A100 not recognized by nvidia-smi but recognized by lspci

There are two Graphics Cards on my PC. One is RTX 3090 and another one is A100. My main purpose is to install the A100 card. When I install A100 card on this PC, I enabled the CSM, and 4G encoding (Above 4G). However I cannot switch to integrated gpu graphics which disappeared when I enabled CSM. So I used a RTX 3090 at hand to output the graphics and it worked. But when I installed ubuntu server and sudo apt install nvidia-driver-###-server/open/None. I can only find the 3090 card in nvidia-smi. Meantime, all these can be finished in an SSH terminal because the HDMI output is totally black. I tried many combinations like download drivers from the official website or desktop or server.

This is the output of lshw and I smmarized with ChatGPT.

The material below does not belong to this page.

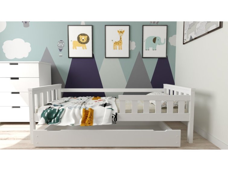 Dětská postel z masivu Mike 80x200 cm Bílá + šuplík + pěnová matrace
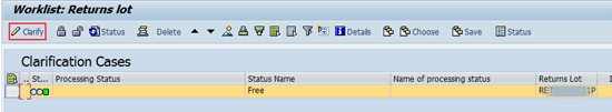 For standard return processing, you use activity keys in customizing. You can define the activities to be performed in the event of a return for each return reason, such as the following:

Based on the information provided in the output of the sudo lshw -short command, here are the details of the hardware components of the system:

  • CPU: 13th Gen Intel(R) Core™ i9-13900K
  • Motherboard: ROG MAXIMUS Z790 HERO
  • Graphics Card 1: GA100 [A100 PCIe 80GB]
  • Graphics Card 2: GA102 [GeForce RTX 3090]
  • PCI Device 1: Samsung SSD 980 PRO 2TB
  • PCI Device 2: Intel Corporation Network Interface (wlp0s20f3)
  • RAM: 128GB System Memory

The command nvidia-smi worked before. But when I write the topic it outputs like this
$ nvidia-smi
Unable to determine the device handle for GPU0000:02:00.0: Unknown Error

My next try is buying an AMD graphic card RX580. I want to use this card to cheat the hardware and system.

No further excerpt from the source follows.